Oct. 30, 2009

Halifax County Schools seeing red in fight against drug and tobacco use

HALIFAX — Students, teachers and administrators came together during this week to say “Drugs are not authorized in My Space” in the Halifax County School District. They did this by wearing red ribbons and Doris Thompson, Southeast Halifax High School’s program coordinator, was excited about her school’s activities. “We (the district) combined Tobacco Reality Unfiltered (TRU) with the Red Ribbon activities and called them our TRU/Red Ribbon Week,” she said.
Thompson said Southeast kicked off activities Monday with the Teens Against Tobacco Use (TATU) members releasing 25 red balloons in the senior courtyard.
She said other activities include renewals of pledges to remain tobacco and drug free, “Because tobacco is a drug, too,” she said. Students also received red wrist bands, Wednesday. Later this week they receive “Smarties” candy to remind them to “Be Smarties. Don’t use tobacco and drugs.”
While all schools in the district participated on some level, the high schools seemed most involved in the activities. Students at Northwest wore red ribbons or dressed in red Wednesday to celebrate being drug and tobacco free.

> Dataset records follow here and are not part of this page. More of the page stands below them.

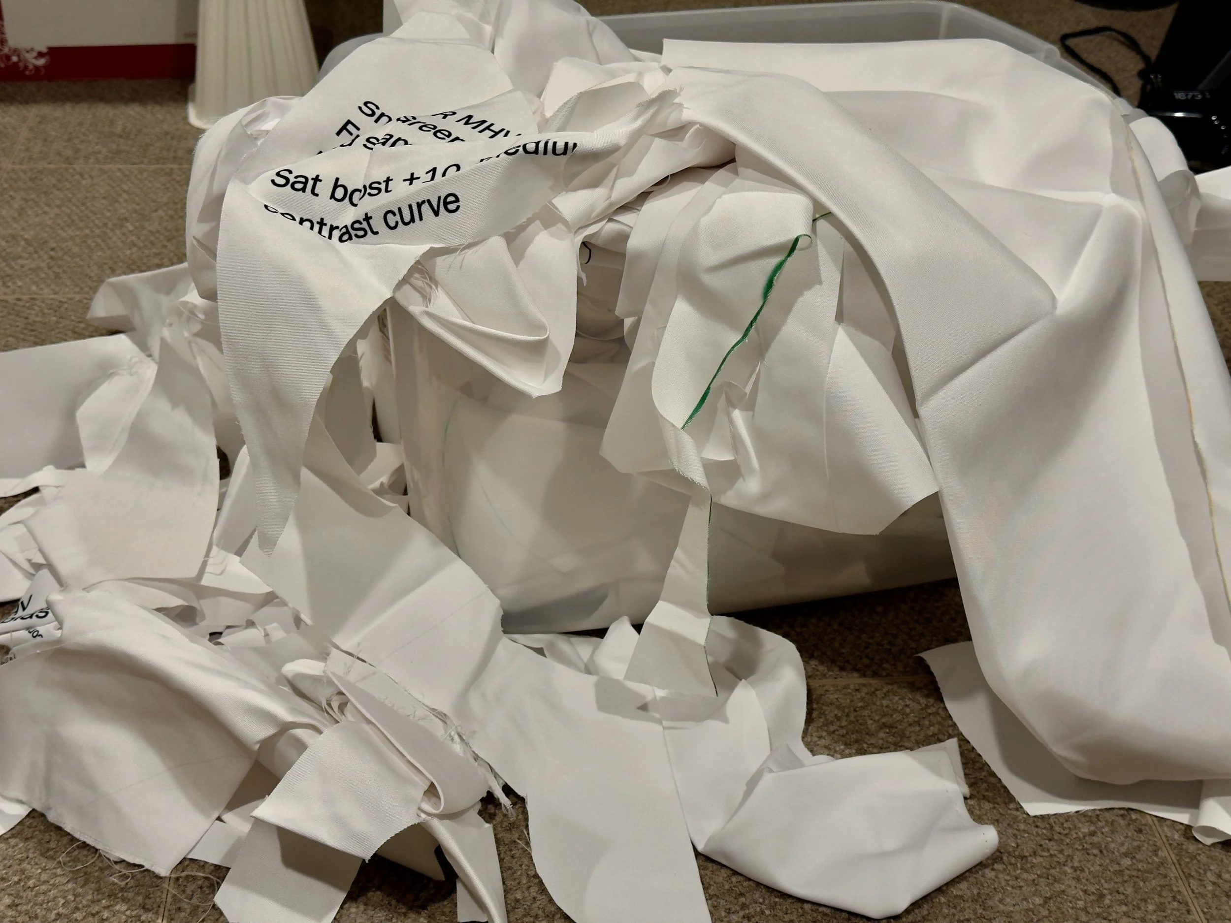In this process, I found a bin filled with 25 pounds of leftover fabric from the Marine Heatwave project. A requirement for displaying my kinetic sculptures in public spaces was that the fabric be treated with fire-retardant chemicals. There was no way I could in good conscience put these 25 pounds of duck cloth in the landfill. Fortunately, Retold, a service for recycling sewing scraps, gave me a “good karma” home for my bin of fabric. What a relief… now just a million more things to clear out…
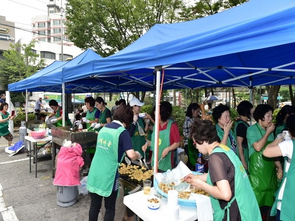 서울 서대문구 새마을부녀회는 추석 연휴를 앞둔 지난 7일 구청 광장에서 회원 100여명이 참여한 가운데 홀몸노인, 저소득 장애인과 조손가정 등의 어려운 이웃에게 전할 명절 음식을 만들었다.(사진제공=서대문구청)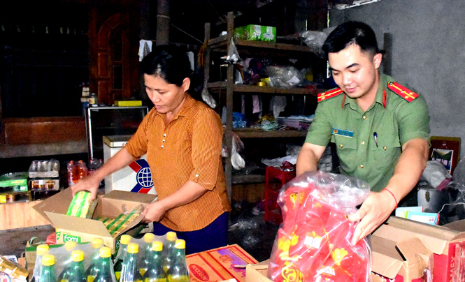 Cán bộ Công an huyện Lâm Bình giúp đỡ hộ gia đình được phân công phụ trách.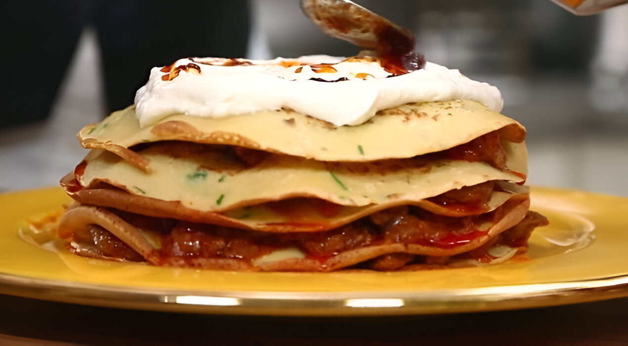Zeytinyağı bir tencerede ısıtılır, ardından jülyen doğranmış kuzu eti eklenerek kavrulur. Et suyunu çektikten sonra, küp doğranmış soğan eklenip pembeleşene kadar pişirilir. Daha sonra küp doğranmış domates ve salça eklenip karıştırılır. Su ve baharatlar ilave edildikten sonra etler yumuşayana dek pişirmeye devam edilir. Krepler için süt, yumurta, un ve maydanoz çırpılarak hamur hazırlanır. Isıtılmış tavada ince krepler pişirilir. Servis tabağında bir krep ve bir kat etli harç oluşturacak şekilde katlar yerleştirilir. Üzeri yoğurtla kaplanır ve tereyağında kızdırılan kırmızı biber, yoğurdun üzerine gezdirilerek servis edilir.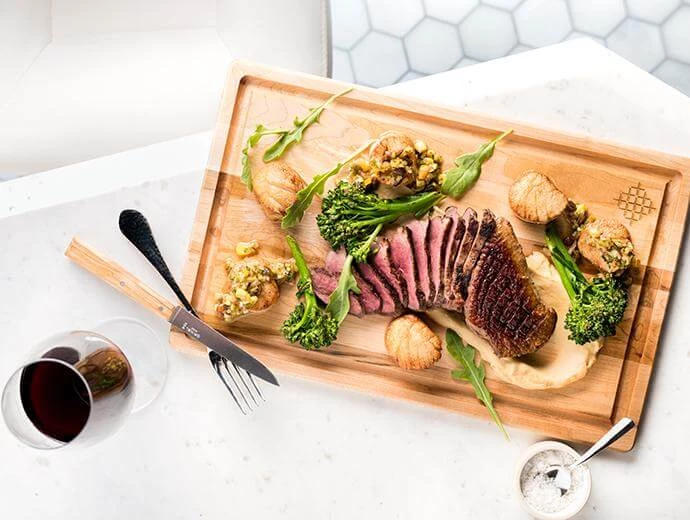 Ophelia, la destination Terre + Mer à Québec. Une expérience culinaire sans pareil, à travers un décor unique, comme jamais vu dans la vieille Capitale. Découvrez ce que la mer a de meilleur à offrir : homard, pétoncles, palourdes, crevettes, crabe d’Alaska, oursin et bien d'autres fruits de mer. Dégustez nos plats les plus raffinés, tel que notre bœuf Angus vieilli à sec pendant 55 jours, notre savoureuse pieuvre grillée ou encore notre plateau décadence pour deux. À travers un service exceptionnel, un menu savoureux et une ambiance remarquable, revisitez l’union Terre + Mer dans cette immersion que sera votre visite chez Ophelia.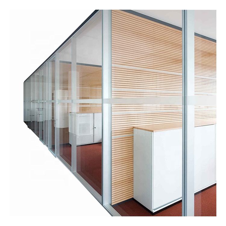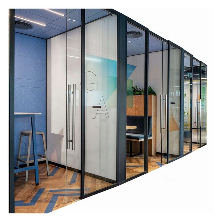 ผนังกั้นห้องกระจกสำนักงานแบบใช้ในอาคาร ผนังกระจกแบบม่านพร้อมประตูกระจกบานเลื่อน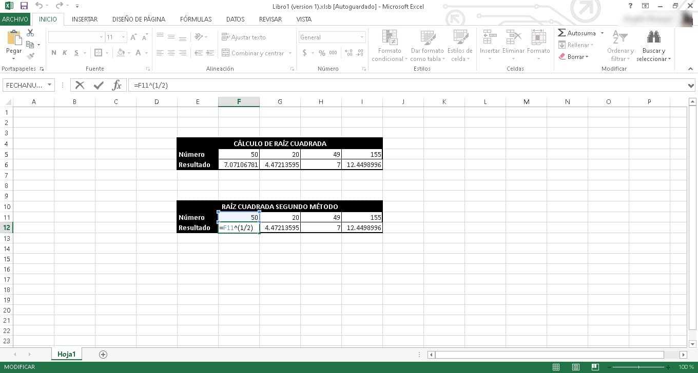 Математика предлагает различные способы достижения одного и того же решения, и в этом смысле есть другой способ получить тот же результат предыдущего процесса, без функции ROOT. В этом случае мы будем использовать операцию, где знак степени поможет нам получить квадратный корень из числа, которое мы указываем.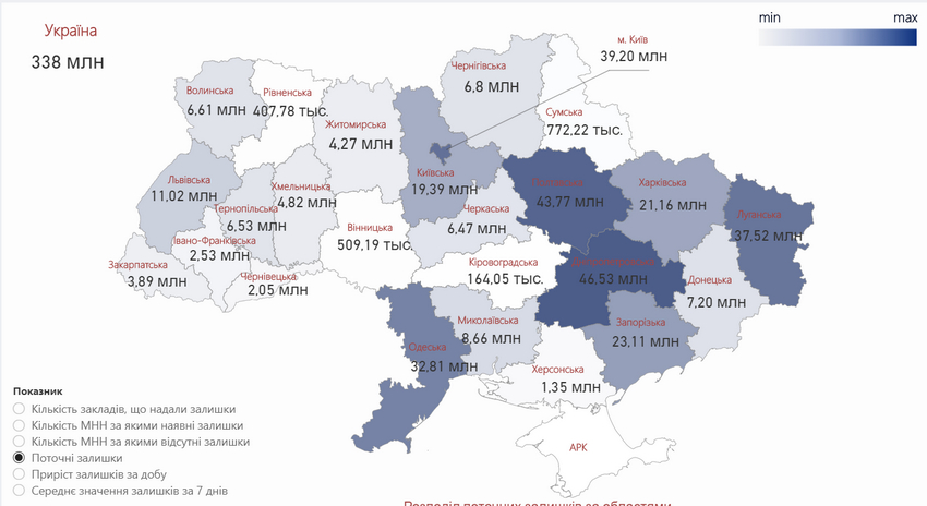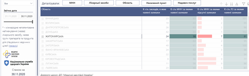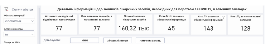 «Станом на 29 листопада відзвітували про залишки 114 форм лікарських засобів 588 лікарень. Також на дашборді за кожним найменуванням можна побачити не тільки поточний залишок у певній лікарні, а його приріст за добу, середній залишок за сім днів, кількість закладів, де є певний препарат у наявності та інше. Щодо наявності залишків, необхідних для боротьби з COVID-19, в аптеках, то відзвітували 2570 аптечних закладів. У них наявні 143 форми ліків 45 МНН. Перелік аптечних мереж із залишками таких препаратів також можна побачити на дашборді НСЗУ», – йдеться у повідомленні.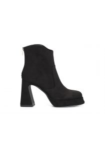 Botín de mujer en microfibra con cremallera en la parte trasera para facilitar su colocación. calzado en perfecto estilo setentero. el tacón alto de 95 mm junto con la plataforma de 18 mm proporcionan un equilibrio de altura belleza y comodidad.

They hung red ribbons in the halls and on doors, and participated in other activities.
Ebony Hamiel a senior at Northwest Halifax High School said being drug and tobacco free gives her feelings of self respect and self worth. “Being drug free helps me think better,” she said. She said she believes people can get further in life and have a better outlook on life if they stay drug free.

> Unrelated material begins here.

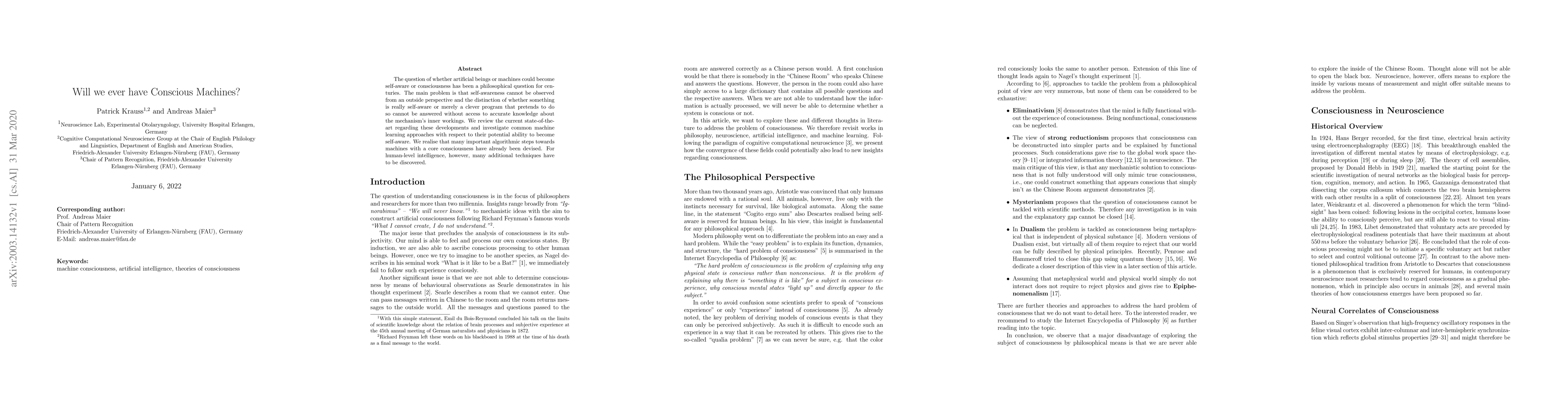 Current machine learning approaches show promise in developing self-aware machines, but human-level consciousness remains elusive due to the lack of inner workings knowledge. Key techniques need to be discovered for human-level intelligence.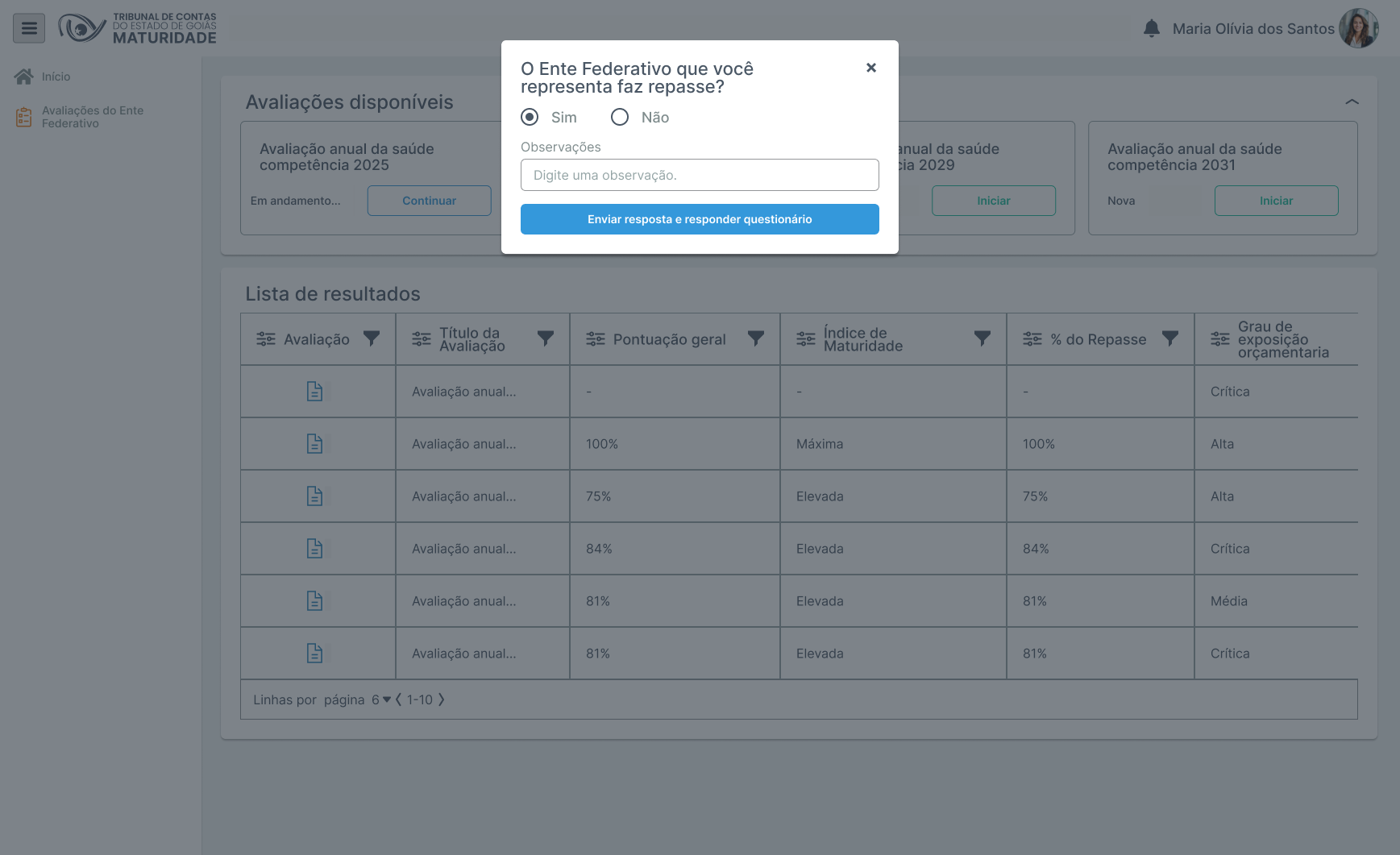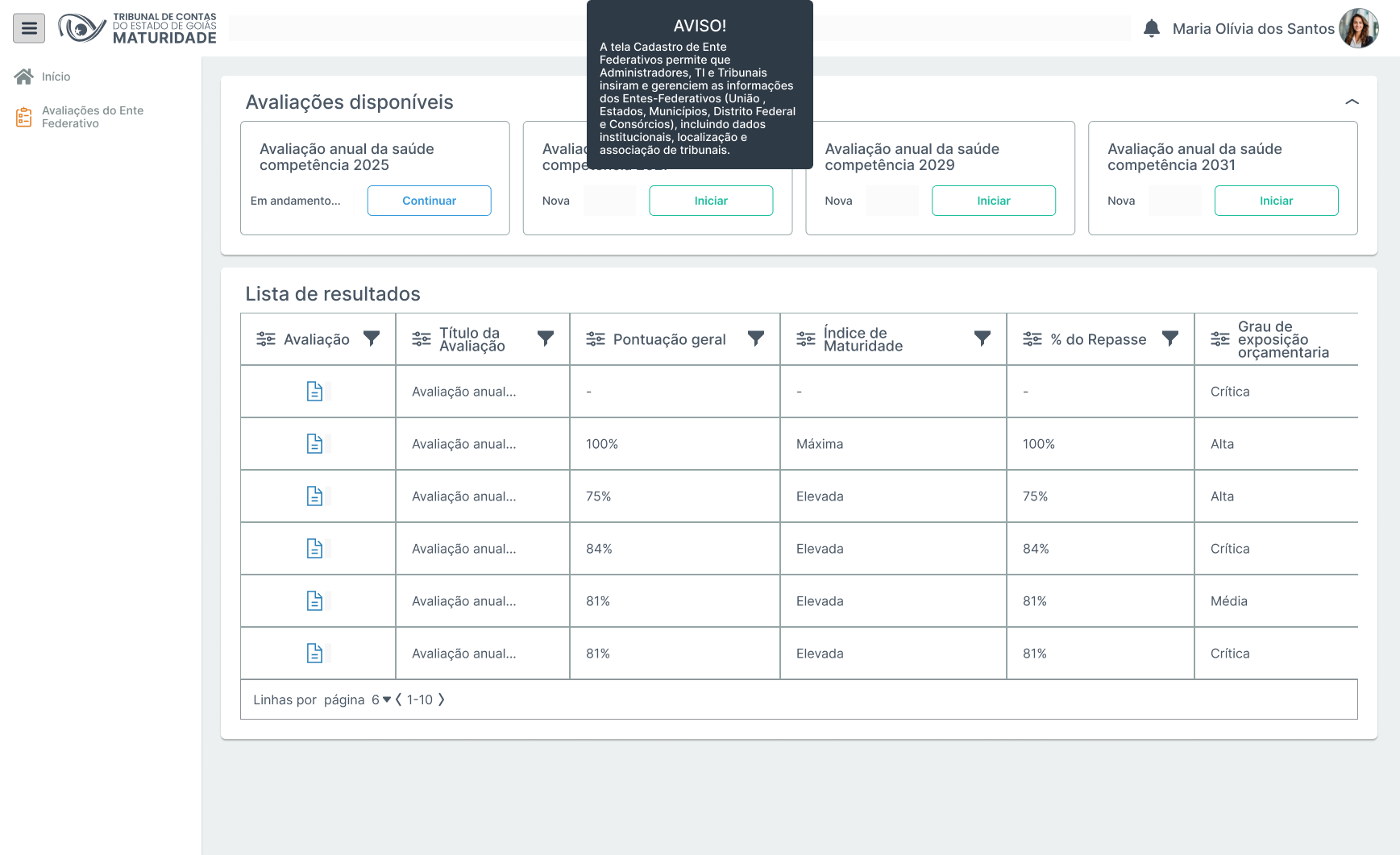 | 01 | O usuário representante do ente federado na tela inicial clicar para “Iniciar” avaliação desejada. | ||

Raven Lee agreed. “Drugs aren’t good for you. I plan to go far in life, so I plan to stay drug free. Also, I’m part of TATU.

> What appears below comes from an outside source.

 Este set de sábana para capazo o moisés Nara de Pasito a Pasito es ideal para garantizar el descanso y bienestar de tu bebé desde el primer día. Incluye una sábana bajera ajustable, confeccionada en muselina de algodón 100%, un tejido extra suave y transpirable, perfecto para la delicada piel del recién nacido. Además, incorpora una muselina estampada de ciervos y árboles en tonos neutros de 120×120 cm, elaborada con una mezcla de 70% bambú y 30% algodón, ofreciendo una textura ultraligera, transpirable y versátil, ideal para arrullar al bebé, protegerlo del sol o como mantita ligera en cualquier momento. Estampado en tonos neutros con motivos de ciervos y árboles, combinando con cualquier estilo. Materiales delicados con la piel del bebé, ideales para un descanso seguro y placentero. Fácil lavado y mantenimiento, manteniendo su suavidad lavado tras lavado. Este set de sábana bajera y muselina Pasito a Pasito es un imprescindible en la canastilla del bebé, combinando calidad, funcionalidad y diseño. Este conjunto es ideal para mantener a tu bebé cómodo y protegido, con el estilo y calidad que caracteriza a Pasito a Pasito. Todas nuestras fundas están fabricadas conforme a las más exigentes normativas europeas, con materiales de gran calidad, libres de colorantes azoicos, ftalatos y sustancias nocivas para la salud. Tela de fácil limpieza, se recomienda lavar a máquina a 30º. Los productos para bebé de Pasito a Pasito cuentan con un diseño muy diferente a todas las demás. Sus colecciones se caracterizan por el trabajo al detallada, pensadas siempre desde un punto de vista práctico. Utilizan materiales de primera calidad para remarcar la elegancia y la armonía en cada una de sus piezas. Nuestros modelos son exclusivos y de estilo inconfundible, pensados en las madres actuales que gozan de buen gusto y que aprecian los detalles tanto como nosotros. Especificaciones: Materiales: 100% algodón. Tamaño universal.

MATCH administrative assistant and coordinator of many of the districts events, Regina Lewis said there are lots of good reasons for schools to celebrate and encourage students to be drug and tobacco free. She also said there’s a history involved in the nationwide observance.
In a news release, Lewis noted the observance stemmed from the March 1985 slaying of federal narcotics agent Enrique Camarena in California. “A letter was circulated across the country calling for Americans to unite in their commitment to work to reduce the demand for illegal drugs in their communities. The red ribbon would be a symbol of their commitment,” she said.
This year Oct. 26-30 is Red Ribbon Week across America. “Americans are asked to come to a greater understanding of the threat to their society in terms of lost potential, more violence, and the impact on our quality of life,” said Lewis.
Lewis said watching the destructiveness of drugs is disheartening. “Although in the years since 1985, much has been done to increase awareness, to educate our young people, and to reduce the demand for drugs ... We must remind ourselves that there is such justice in our cause that it can be embraced and supported by millions. We should continue to be uplifted by every red ribbon we see, united in our purpose.”